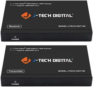J-Tech Digital Long Range HDMI Extender Over Cat6 150m/492ft HDBaseT 1080P Extender PoC, Bi-Directional IR, Supports Dolby Digital, DTS, with EDID, CEC, & RS-232 Passthrough (JTECH-HDT150)
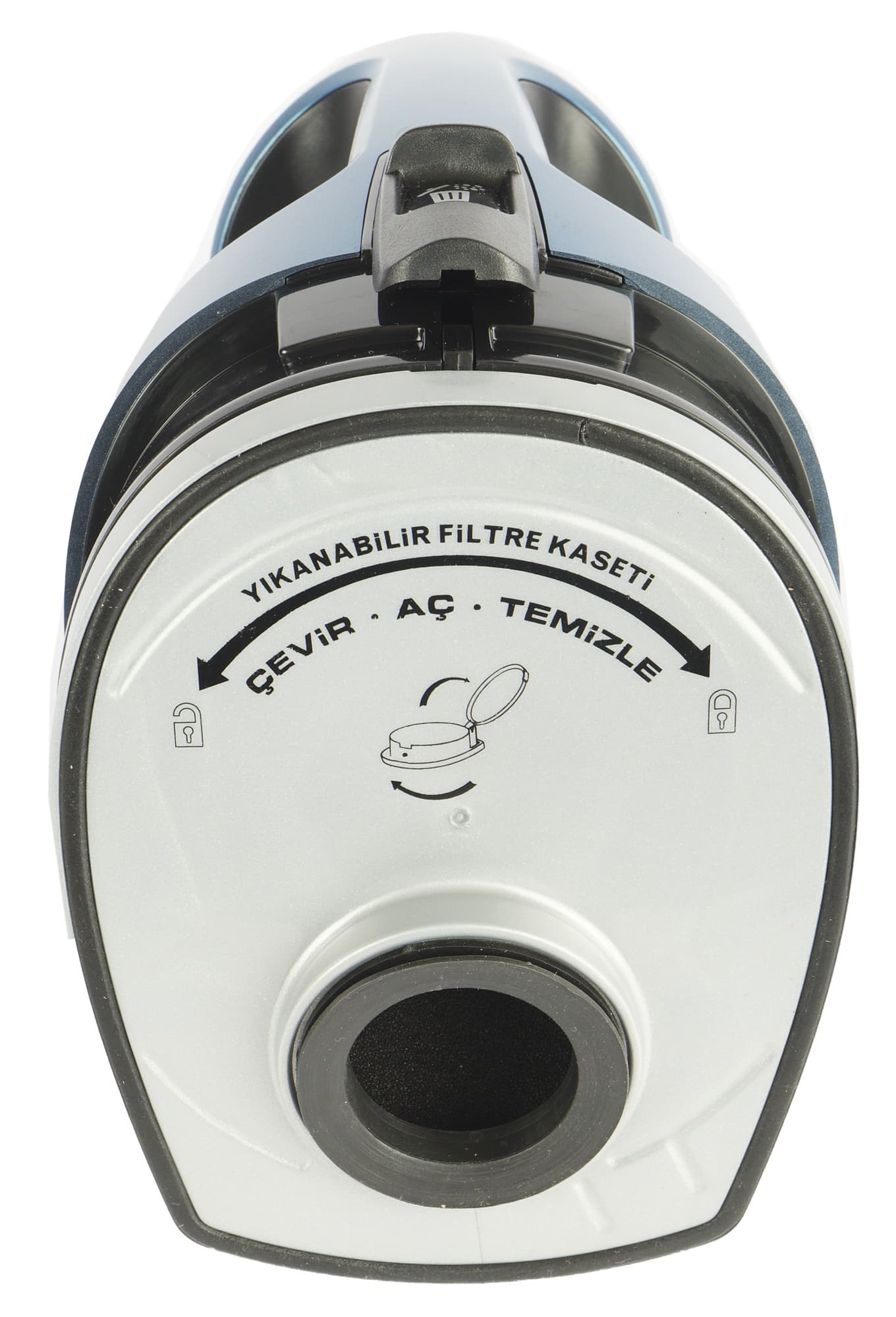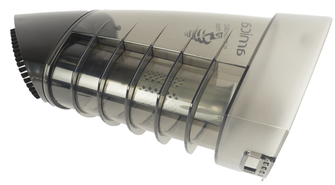 Всю переднюю половину продолговатого корпуса занимает мусоросборник весьма внушительного (1,3 литра) объема. Он надежно удерживается с помощью защелки на верхней стороне.
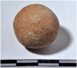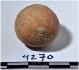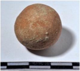 | Description / विवरण | A fragment of a terracotta sling ball, round in shape of rough surface. |
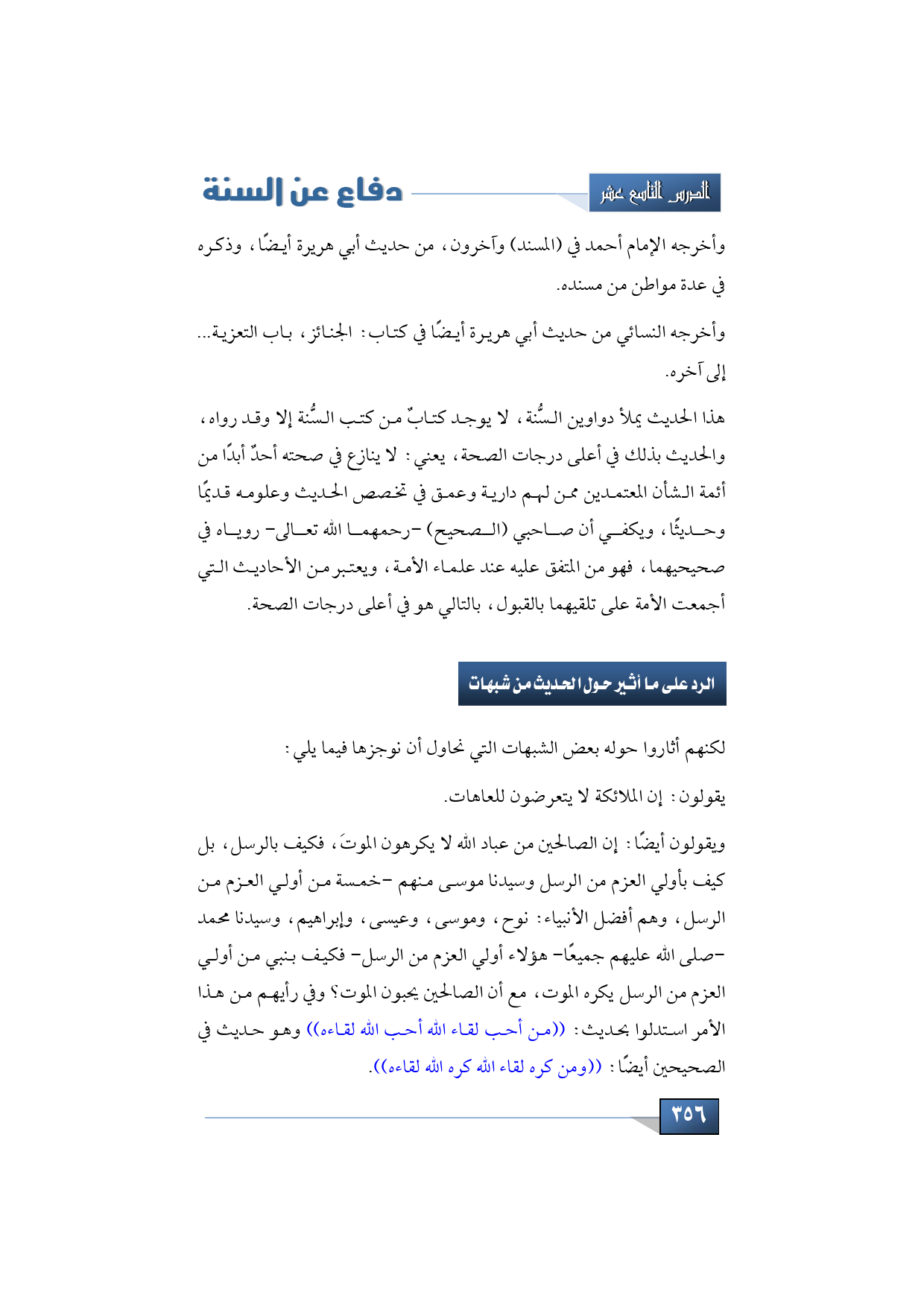 ويقولون أيضًا: إن الصالحين من عباد الله لا يكرهون الموتَ، فكيف بالرسل، بل كيف بأولي العزم من الرسل وسيدنا موسى منهم -خمسة من أولي العزم من الرسل، وهم أفضل الأنبياء: نوح، وموسى، وعيسى، وإبراهيم، وسيدنا محمد -صلى الله عليهم جميعًا- هؤلاء أولي العزم من الرسل- فكيف بنبي من أولي العزم من الرسل يكره الموت، مع أن الصالحين يحبون الموت؟ وفي رأيهم من هذا الأمر استدلوا بحديث: ((من أحب لقاء الله أحب الله لقاءه)) وهو حديث في الصحيحين أيضًا: ((ومن كره لقاء الله كره الله لقاءه)).
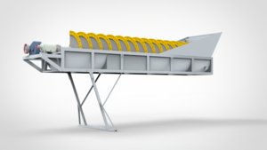 螺旋洗砂机是利用水的浮力作用,将粉尘和杂质与砂分离,经过螺旋叶片的搅动,达到滤水去杂质,提高砂的质量。并且在搅动过程中,也进行了拌和工作,使洗出的砂搅拌均匀,无细、粗砂之分。工作时,电机通过三角带、减速机、齿轮减速后带动螺旋叶片缓慢转动,砂石由给料槽进入洗槽中,在叶轮的带动下翻滚,并互相研磨,除去覆盖砂石表面的杂质,同事破坏包覆砂粒的水汽层,以利于脱水;同时加水,形成强大水流,及时将杂质及比重小的异物带走,并从溢出口洗槽排出,完成清洗作用。干净的砂石由螺旋叶片带走,*后砂石从旋转的螺旋片倒入出料槽,完成砂石的清洗作用。
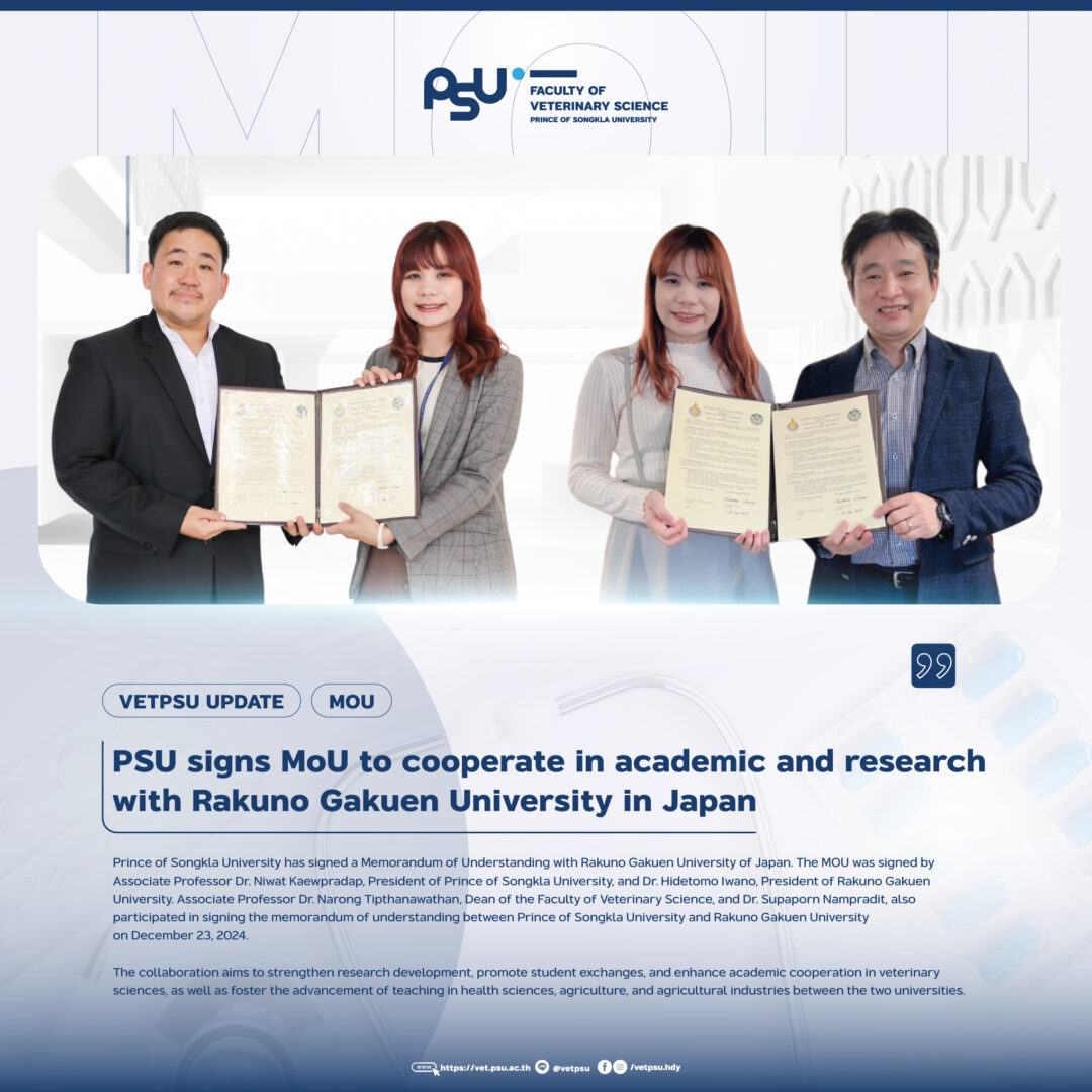 Prince of Songkla University has signed a Memorandum of Understanding with Rakuno Gakuen University of Japan. The MOU was signed by Associate Professor Dr. Niwat Kaewpradap, President of Prince of Songkla University, and Dr. Hidetomo Iwano, President of Rakuno Gakuen University. Associate Professor Dr. Narong Tipthanawathan, Dean of the Faculty of Veterinary Science, and Dr. Supaporn Nampradit, also participated in signing the memorandum of understanding between Prince of Songkla University and Rakuno Gakuen University on December 23, 2024.
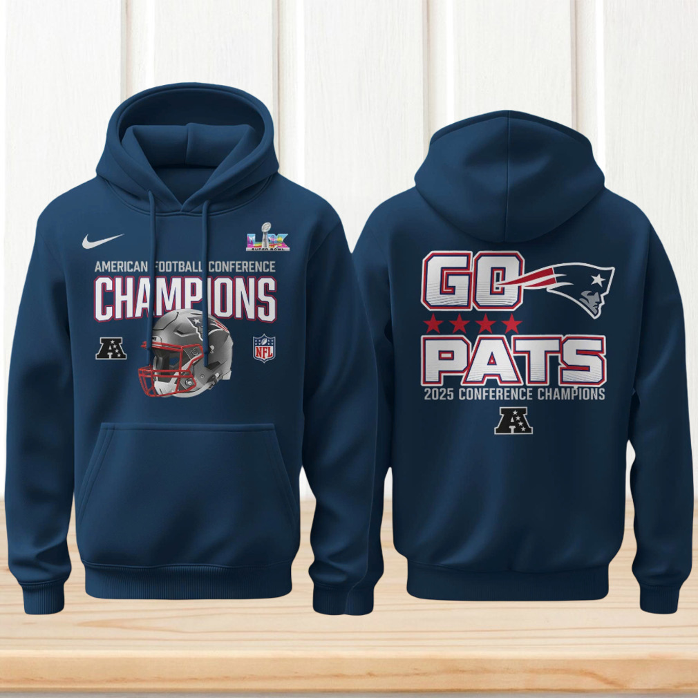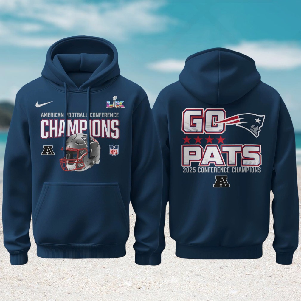 ()▶️ About New England Patriots 2025 Conference Champions Go Pats Blue Helmet Pullover Fan Hoodie – 3D T-Shirt
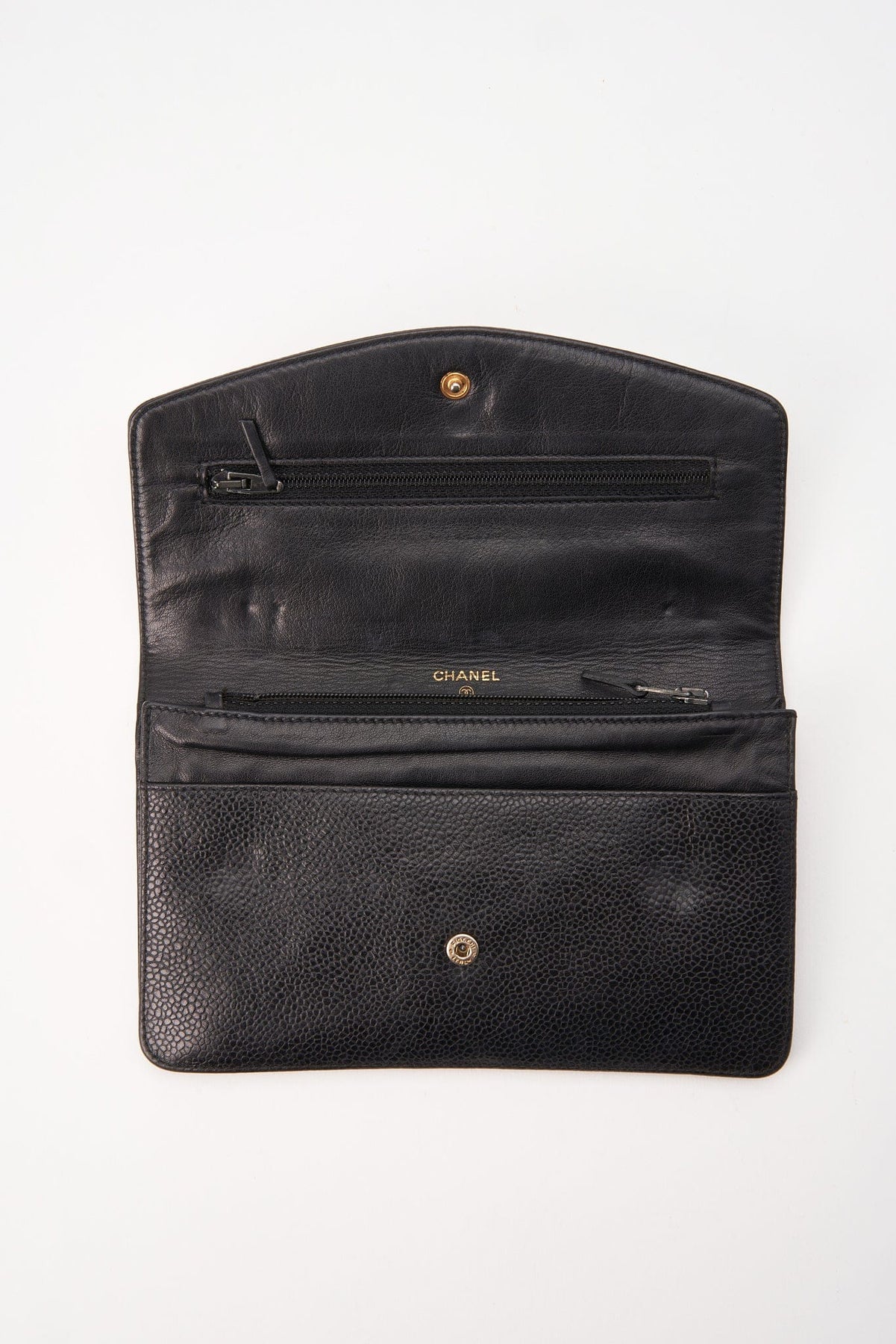 Regular price $2,120.00 Sale price $430.00 Save $1,690.00This beautiful vintage Chanel wallet is crafted from black caviar leather with gold hardware.
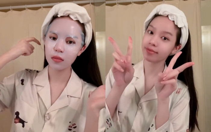 Mặt nạ giấy không phải sản phẩm mới, nhưng cách Hoa hậu Việt Nam 2022 biến sản phẩm này thành "người bạn đồng hành không thể thiếu" lại cho thấy tư duy làm đẹp rất hiện đại và thực tế của thế hệ Gen Z. Thay vì chạy theo những liệu trình phức tạp, Thanh Thủy chọn giải pháp tối giản nhưng hiệu quả cao, điều mà bất kỳ cô gái bận rộn nào cũng có thể học hỏi. Ảnh: FBNV
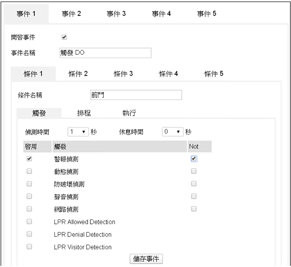 智慧事件共有5個事件可供使用,事件與事件間為獨立運作,
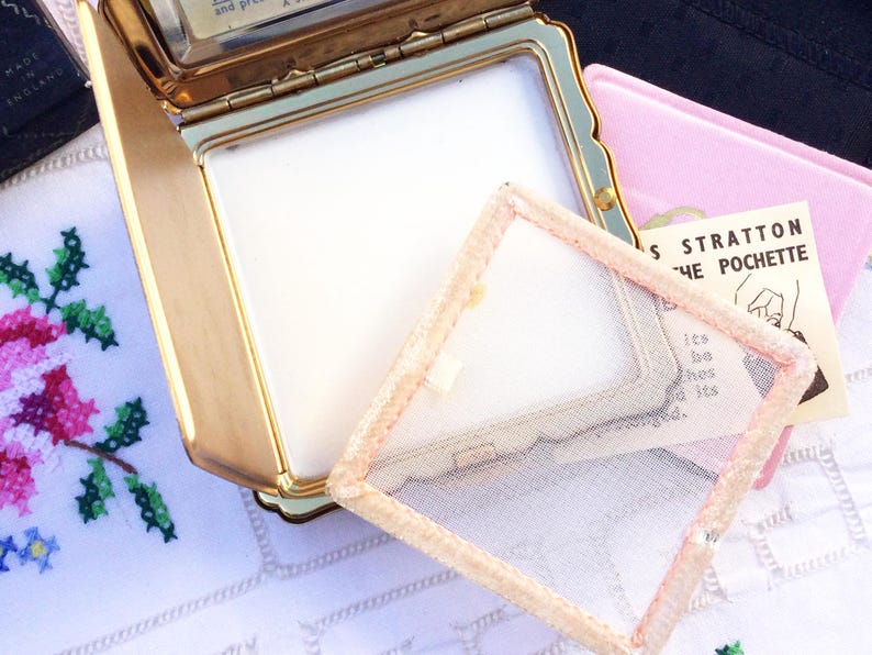 Vintage Stratton Small Square Powder Compact With Enamelled Cream Lid ...
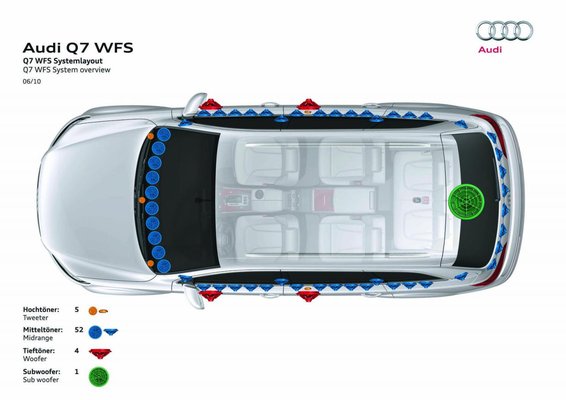 Az ötletet egy különleges mozi-hangrendszer adta: az Ilmenauban működő Linden Lichtspele a filmek hangjait 192 kis hangforrással állítja elő, így állítólag sokkal jobb térbeli hangzást lehet elérni, mint kevés hangszóróval. Az Audi a Bang & Oluffsen, a Bose és a Fraunhofer Institute segítségével dolgozta ki a rendszert, amelyhez hasonlóan komplikáltat nemigen építettek még. Öt magassugárzó, négy mélysugárzó az ajtókban, egy 12 hüvelykes mélynyomó a csomagtartóban, és 52 kis középsugárzó az utastér falában – ezekből áll a hangszóró-rendszer, amellyel a sajtóközlemény szerint minden eddiginél tökéletesebben szimulálhatók a térbeli hanghatások.

--------------------------------------------------

* ABOUT THIS EXERCISE
Reproduce exactly the entries from their first line through the line containing "螺旋洗砂机是利用水的浮力作用", including both, and omit any pictures.

* ANSWER TO THIS EXERCISE
J-Tech Digital Long Range HDMI Extender Over Cat6 150m/492ft HDBaseT 1080P Extender PoC, Bi-Directional IR, Supports Dolby Digital, DTS, with EDID, CEC, & RS-232 Passthrough (JTECH-HDT150)
 Всю переднюю половину продолговатого корпуса занимает мусоросборник весьма внушительного (1,3 литра) объема. Он надежно удерживается с помощью защелки на верхней стороне.
 | Description / विवरण | A fragment of a terracotta sling ball, round in shape of rough surface. |
 ويقولون أيضًا: إن الصالحين من عباد الله لا يكرهون الموتَ، فكيف بالرسل، بل كيف بأولي العزم من الرسل وسيدنا موسى منهم -خمسة من أولي العزم من الرسل، وهم أفضل الأنبياء: نوح، وموسى، وعيسى، وإبراهيم، وسيدنا محمد -صلى الله عليهم جميعًا- هؤلاء أولي العزم من الرسل- فكيف بنبي من أولي العزم من الرسل يكره الموت، مع أن الصالحين يحبون الموت؟ وفي رأيهم من هذا الأمر استدلوا بحديث: ((من أحب لقاء الله أحب الله لقاءه)) وهو حديث في الصحيحين أيضًا: ((ومن كره لقاء الله كره الله لقاءه)).
 螺旋洗砂机是利用水的浮力作用,将粉尘和杂质与砂分离,经过螺旋叶片的搅动,达到滤水去杂质,提高砂的质量。并且在搅动过程中,也进行了拌和工作,使洗出的砂搅拌均匀,无细、粗砂之分。工作时,电机通过三角带、减速机、齿轮减速后带动螺旋叶片缓慢转动,砂石由给料槽进入洗槽中,在叶轮的带动下翻滚,并互相研磨,除去覆盖砂石表面的杂质,同事破坏包覆砂粒的水汽层,以利于脱水;同时加水,形成强大水流,及时将杂质及比重小的异物带走,并从溢出口洗槽排出,完成清洗作用。干净的砂石由螺旋叶片带走,*后砂石从旋转的螺旋片倒入出料槽,完成砂石的清洗作用。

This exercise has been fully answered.